桜井地区の子供たちは、最近まで上間久里には人魂が出るということを本当に信じていました。人魂とは丸いほのおをもやし、細長い尾をひいて飛んでゆく火の玉で、死んだ人の「たましい」であるといわれます。上間久里の人魂は、とくに五月から六月にかけて多く飛んだといわれます。それで子供たちは夜遊びをすると、よく親たちから「人魂にさらわれるぞ」と言われました。子供たちはそういわれただけで、わけもなくこわがっていたといいます。
でも小学校も五、六年生ごろになると、人魂の正体が、何であるのかわかるようになりました。でもそれを弟や妹にはだまっていました。人魂をおそれるという、そぼくな夢をこわさないのがよいと思ったからです。この人魂の正体は、じつは「どじょう」をとるため田んぼに、道具を仕掛(しか)けに行く人のランプの灯(あか)りでした。当時日光街道にそった上間久里は、八軒茶屋といわれた所で家も少なく、しかもその先は恩間(おんま)新田から大竹・大道・三野宮の集落(しゅうらく)までひろがる一面の水田地で、夜はことにさびしい所でした。

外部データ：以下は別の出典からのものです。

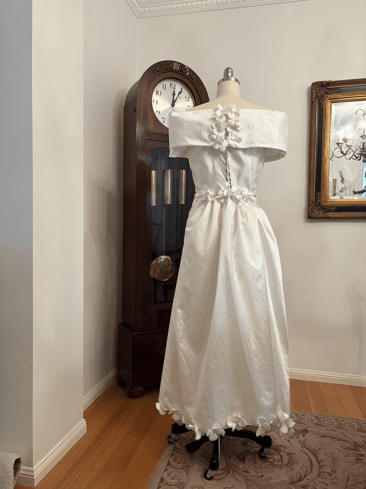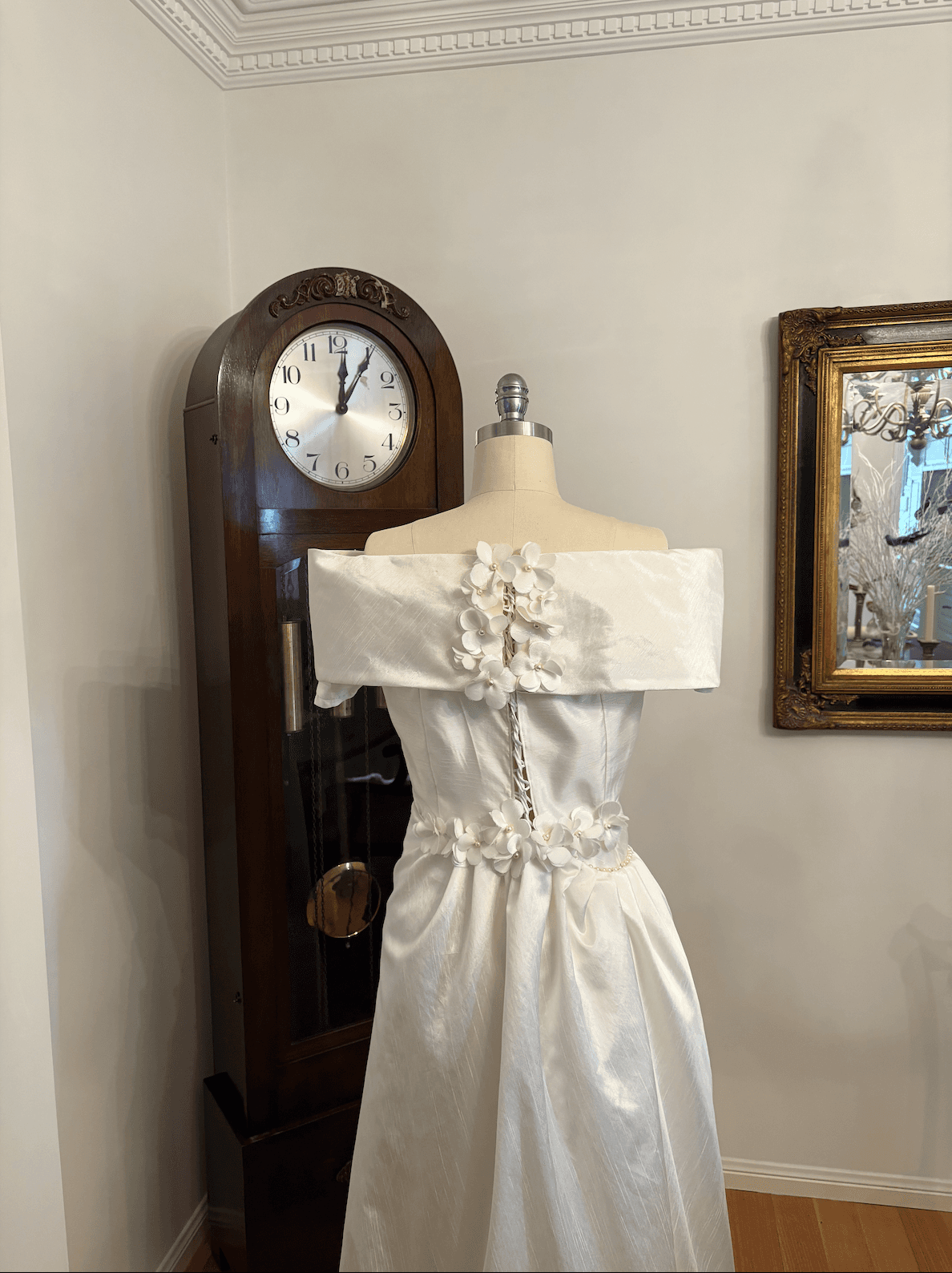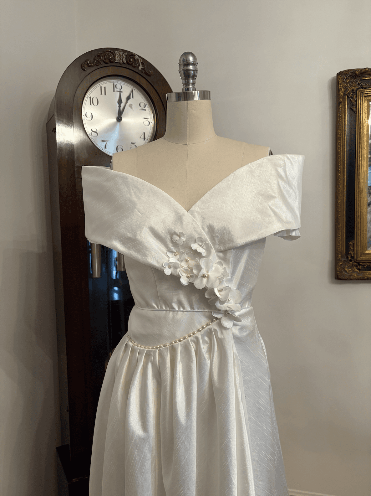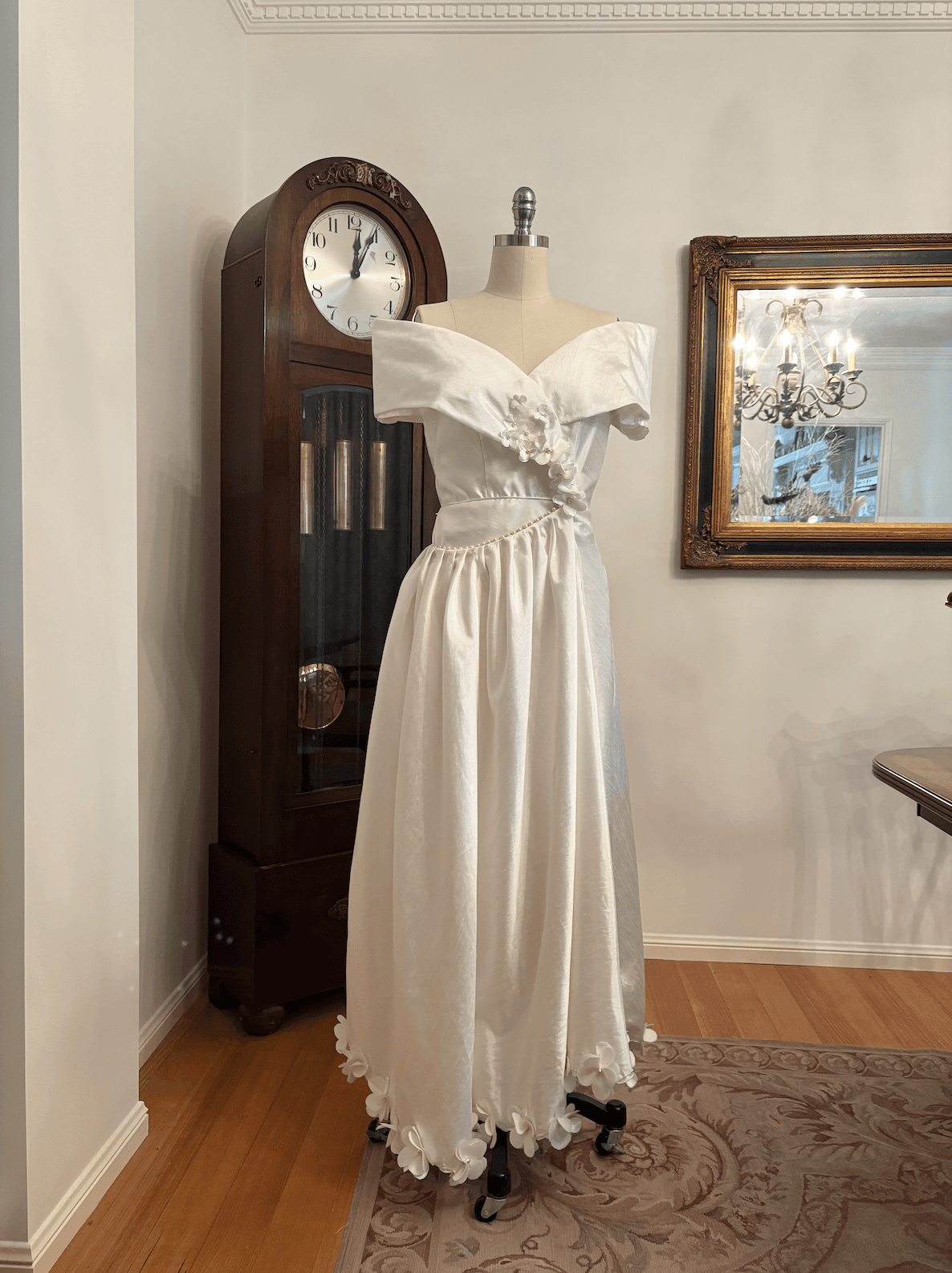 This one-of-a-kind wedding dress is crafted from lustrous ivory satin repurposed from a vintage bridal dress. It has an elegant off-the-shoulder neckline. It features delicate pearl embellishments, hand-cut floral details, a flattering wrap-around skirt, and a lace-up back—designed to beautifully accommodate multiple sizes.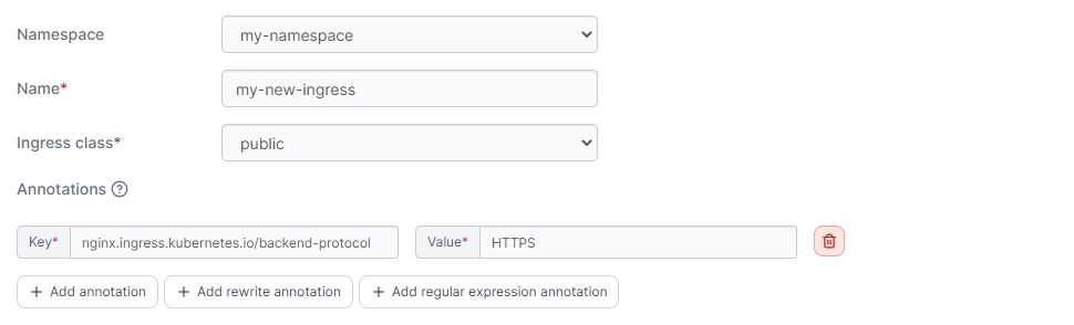 You can add annotations to your ingress as required by clicking Add annotation and filling in the Key and Value fields. Depending on your selected ingress class you may also be able to add rewrite annotations and/or regular expression annotations.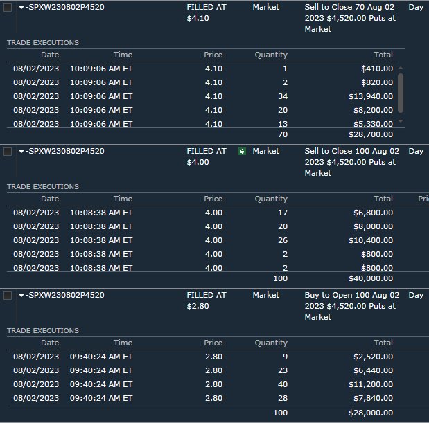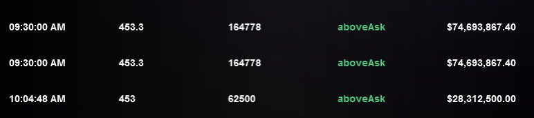 Bonus tape recap: off open this trades were filled as imbalance started to shift to the sell side. These were the top 3 market orders before it dumped from 453 where we had our stops for the day, slightly above that level at 453.30

それで夜になると、暗い田んぼの上をゆらりゆらりとゆれながら流れていくランプの灯が人魂のように見えたのです。子供が大きくなって、人魂の正体がわかってきたとき、それを親にいうと、親は〝ランプの火のほかに人魂も本当にあるんだよ〟と言いました。そのときはそれも本当だと思いこんで大人(おとな)になってきました。そう思うだけの自然の神秘(しんぴ)さが当時上間久里には残っていたからです。
でも今は緑の深い林や、一面にひろがる田畑が住宅地などになり、昔ながらの自然が失われてきました。そして自然のこわさより、むしろ自動車や電車がこわい世の中になり、「人魂」も「どじょうとりの灯(あか)り」も、今はなつかしい思い出ばなしの一つになってしまいました。